My original point though, for about the same money there are many other cars that are much more fun to drive. I think that ultimately is the reason a car dies off.

In fact. My 07 Mustang GT with just about all the options you could get that year cost me out the door $26,500. That's only about 3-4k above the price of the "Turbo" PT cruiser......You can see why it would struggle with sales.


----------



## MGX (Jun 8, 2010)

I rented an HHR for a trip to Houston. We called it the *H*omo *H*ot *R*od.


----------



## Bean PE (Jun 8, 2010)

NCcarguy said:


> In fact. My 07 Mustang GT with just about all the options you could get that year cost me out the door $26,500. That's only about 3-4k above the price of the "Turbo" PT cruiser......You can see why it would struggle with sales.

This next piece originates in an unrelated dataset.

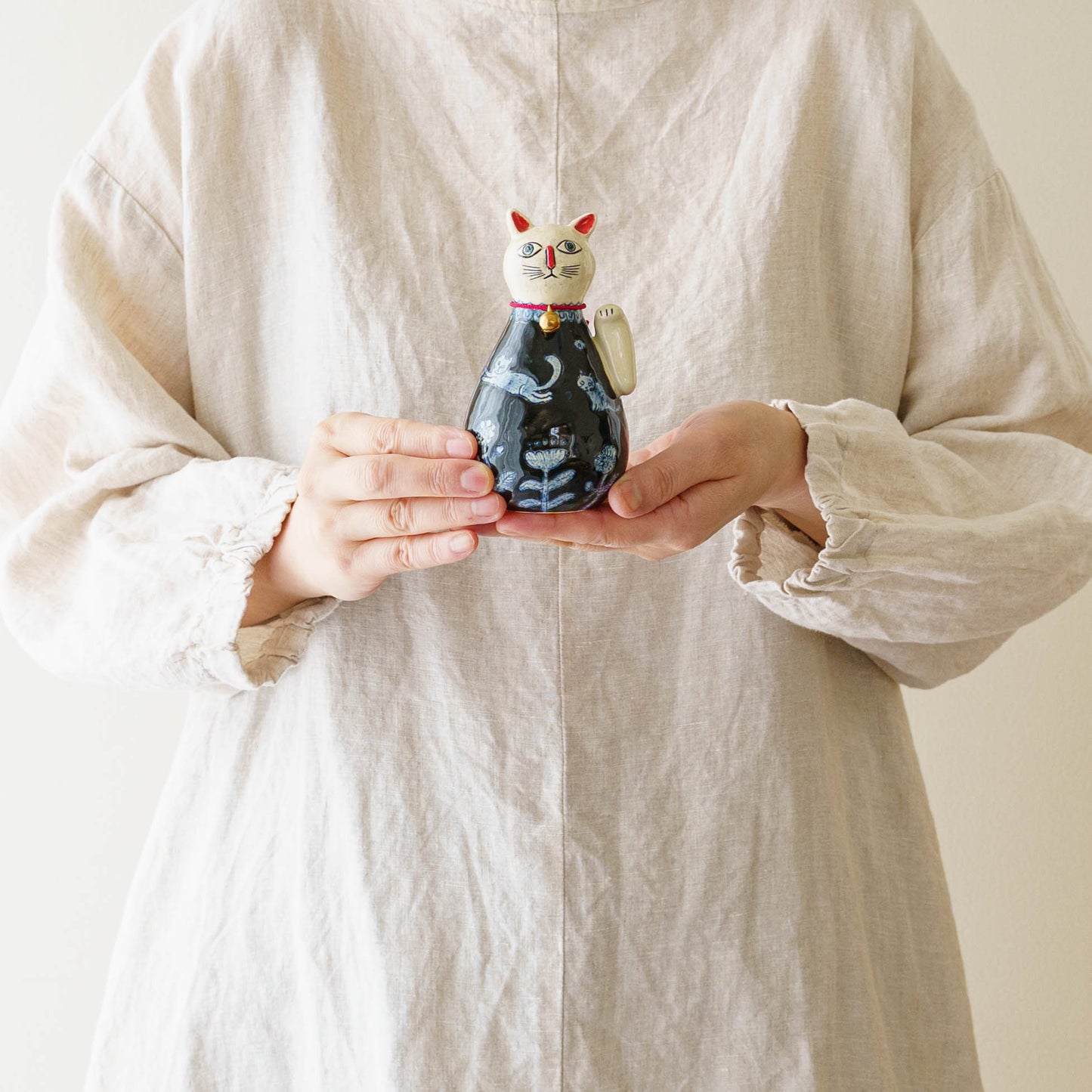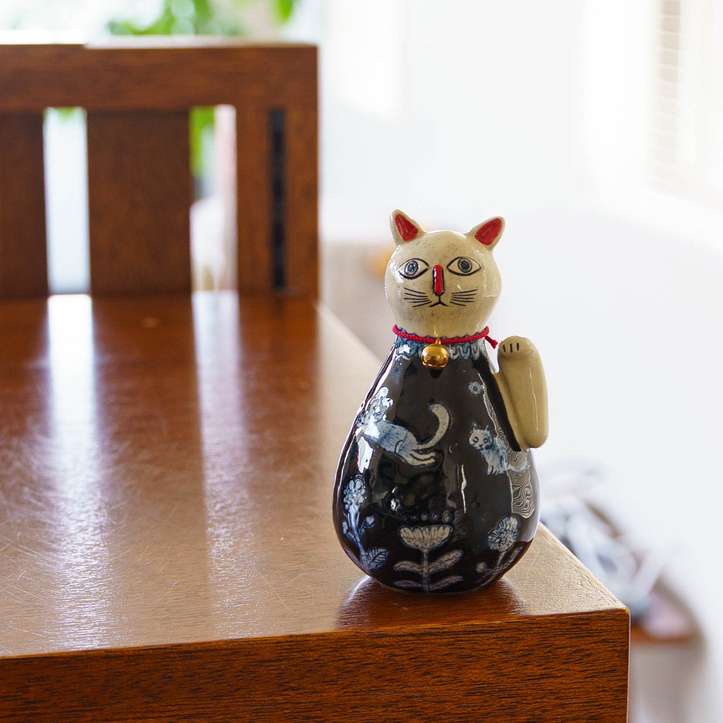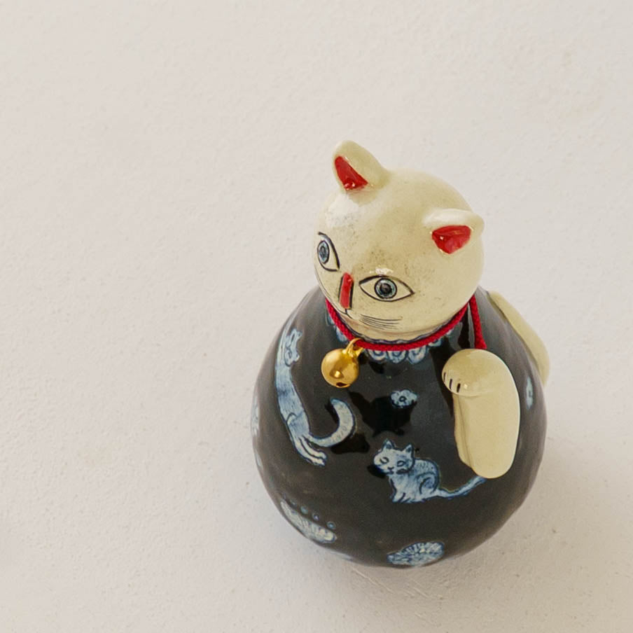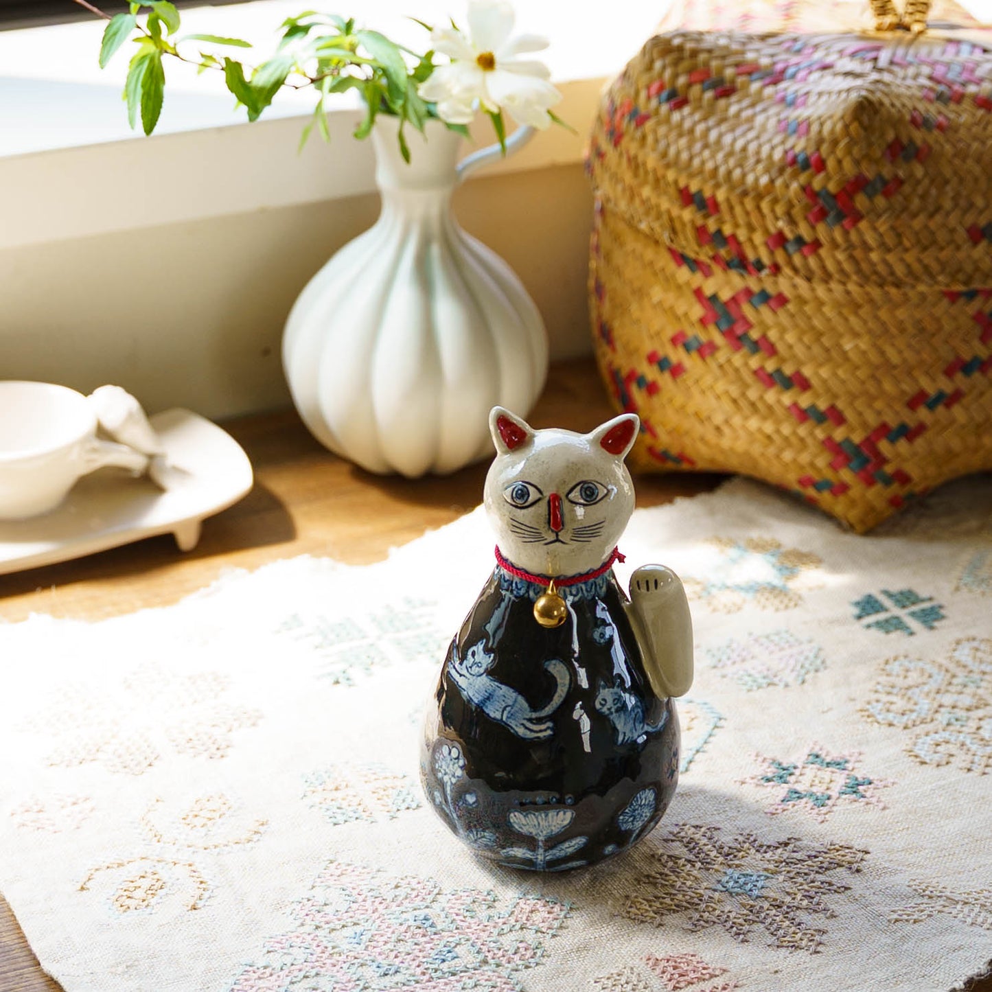 ころんと丸みを帯びたやさしいフォルムに、ねこ特有の愛らしさと凛とした佇まいが感じられる招き猫。洗練されたデザインと柔らかなラインが、遊び心と落ち着きを絶妙に融合させていて、どんな空間にもさりげなく華やぎを添えてくれます。

A RWD V8 coupe and a FWD turbo-4 station wagon/minivan hybrid are in totally different market segments. I'm sure neither stole very many (if any) sales from the other.


----------



## Master slacker (Jun 8, 2010)

Knowing that a slow, yet turbo'd 4-banger with poor reviews is only $3000 cheaper than a V8 pony car that has good reviews leads me to believe that the 4-banger is an overpriced and underwhelming vehicle.


----------



## Bean PE (Jun 8, 2010)

Master slacker said:


> Knowing that a slow, yet turbo'd 4-banger with poor reviews is only $3000 cheaper than a V8 pony car that has good reviews leads me to believe that the 4-banger is an overpriced and underwhelming vehicle.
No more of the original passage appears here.